There is no better campaigner than Deval Patrick. He’s charismatic, warm, visionary and inspirational. He appeals to our better sides, and has the kind of personality that really could help to heal the searing wounds of division. That he is African-American indicates his potential appeal to a constituency whose enthusiasm is essential to a Democratic win.
The two-term governor has plenty of credibility in the party’s debate over Medicare for all (a ten-year, $30 trillion cost, eliminating all private coverage) versus adding a public option built on the Affordable Care Act.
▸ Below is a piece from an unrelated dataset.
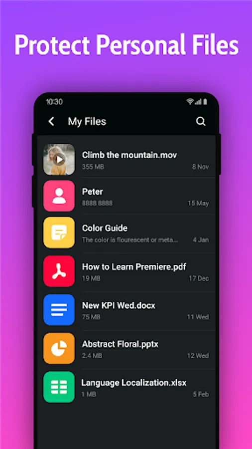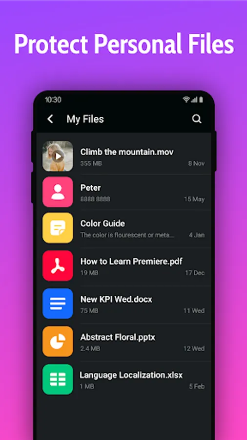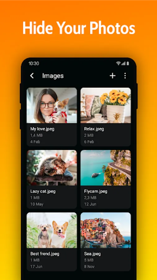 The calculator photo vault supports viewing files in all formats, JPEG, GIF, PNG, SVG, MP4, MKV, RAW, etc., and helps you keep hidden photos, and secret folders organized clearly.

Patrick oversaw the successful implementation of improved access to health coverage in Massachusetts, which became the model for Obamacare. He also worked on initiatives to reduce greenhouse gas emissions.
Some Democrats are already sneering that Patrick, after leaving Bill Clinton’s Justice Department where he headed the Civil Rights Division, had powerful positions in corporate America, from vice president and general counsel at Texaco (with which Patrick’s DOJ had reached a settlement previously) and Coca Cola, to his board position with sketchy subprime mortgage lender Ameriquest, and now Bain, Mitt Romney’s private equity company, where Patrick’s role focuses on socially beneficial investing.) His high-level company positions don’t necessarily lead corporate America to embrace him. Forbes magazine recently denounced Patrick’s history of raising taxes, his veto of a bill to increase fiscal transparency in retiree pension funds, his failure to address the state’s bonded indebtedness.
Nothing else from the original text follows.